## Supplied information
________________

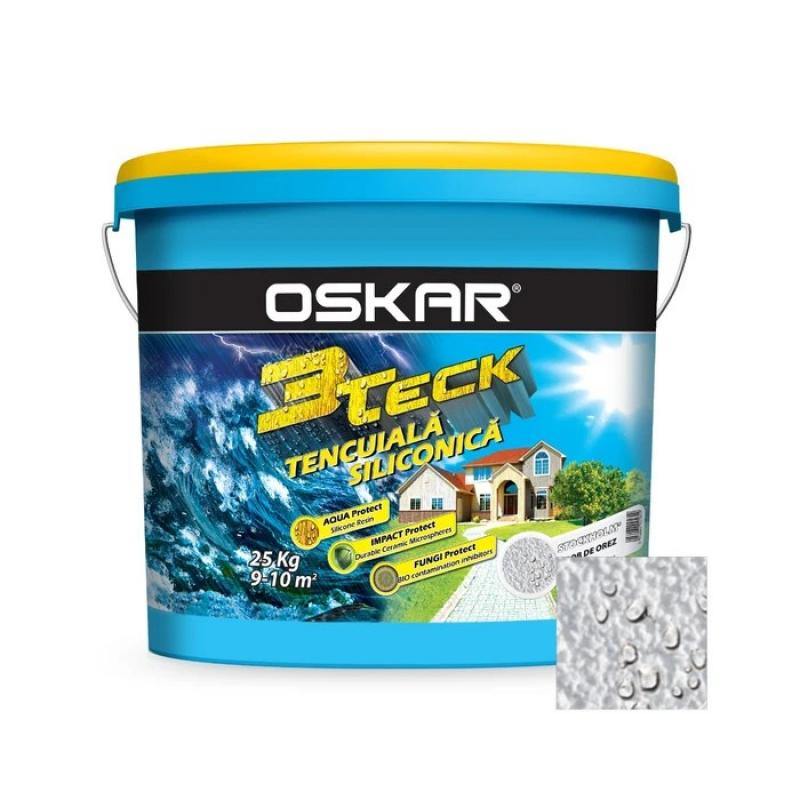 Tencuiala decorativa siliconica Oskar 3 Teck este dura, prezinta un aspect mat si structurat si se utilizeaza pentru finisaje exterioare. Aceasta are la baza rasina acrilo-siliconica in dispersie apoasa aditivata cu microsfere ceramice si agregate minerale cu dimensiunea 1.2 - 1.8 mm. Cu aspect de masa pastoasa, omogena, tencuiala Oskar 3 Teck este disponibila in mii de culori prin nuantare computerizata pe masini de colorat ce folosesc exclusiv retete si pigmenti de colorare de la PPG.
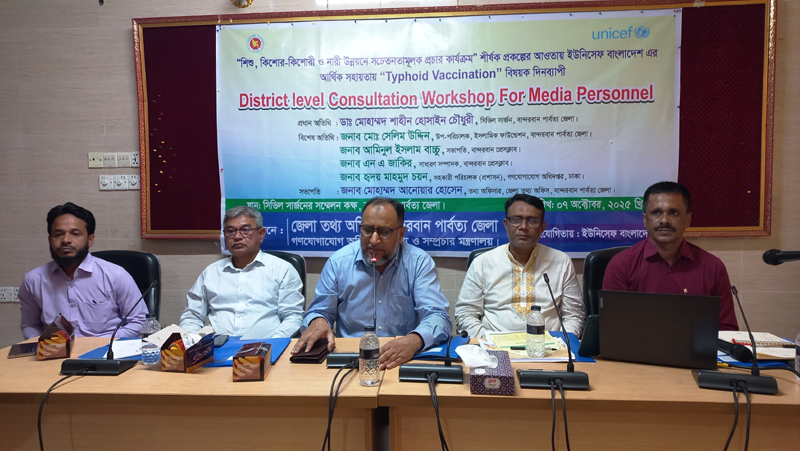 বান্দরবানে ১ লক্ষ ২১ হাজার শিশুকে টাইফয়েড টিকা দেয়া হবে। ইতোমধ্যে জেলায় ৬৫ শতাংশ শিশু অনলাইনে টিকার রেজিস্ট্রেশন সম্পন্ন করেছে।
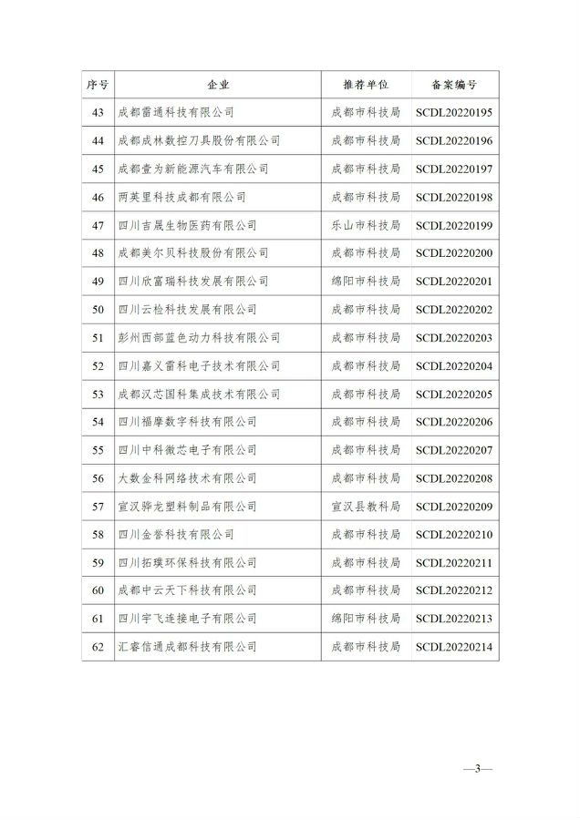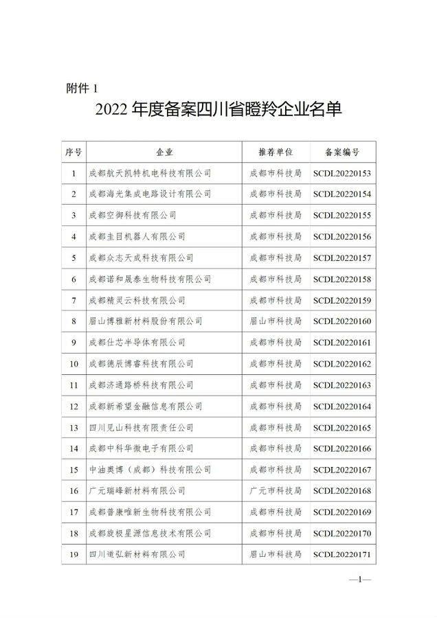 根据《四川省瞪羚企业培育行动实施方案(2019-2022)》(川科高﹝2019﹞20号),四川省科学技术厅(以下简称“科技厅”)组织开展了2022年度四川省瞪羚企业备案评审工作,62家企业备案为四川省瞪羚企业,为支持企业提升创新能力、增强核心竞争力和促进企业加快创新发展,科技厅采取后补助支持这批企业,现就开展瞪羚企业后补助申领表填报推荐工作,有关事项通知如下:

________________

## Exercise
Your job is to reproduce the material exactly. Keep pictures out of it.

## Reply to the exercise
 Tencuiala decorativa siliconica Oskar 3 Teck este dura, prezinta un aspect mat si structurat si se utilizeaza pentru finisaje exterioare. Aceasta are la baza rasina acrilo-siliconica in dispersie apoasa aditivata cu microsfere ceramice si agregate minerale cu dimensiunea 1.2 - 1.8 mm. Cu aspect de masa pastoasa, omogena, tencuiala Oskar 3 Teck este disponibila in mii de culori prin nuantare computerizata pe masini de colorat ce folosesc exclusiv retete si pigmenti de colorare de la PPG.
 বান্দরবানে ১ লক্ষ ২১ হাজার শিশুকে টাইফয়েড টিকা দেয়া হবে। ইতোমধ্যে জেলায় ৬৫ শতাংশ শিশু অনলাইনে টিকার রেজিস্ট্রেশন সম্পন্ন করেছে।
 根据《四川省瞪羚企业培育行动实施方案(2019-2022)》(川科高﹝2019﹞20号),四川省科学技术厅(以下简称“科技厅”)组织开展了2022年度四川省瞪羚企业备案评审工作,62家企业备案为四川省瞪羚企业,为支持企业提升创新能力、增强核心竞争力和促进企业加快创新发展,科技厅采取后补助支持这批企业,现就开展瞪羚企业后补助申领表填报推荐工作,有关事项通知如下:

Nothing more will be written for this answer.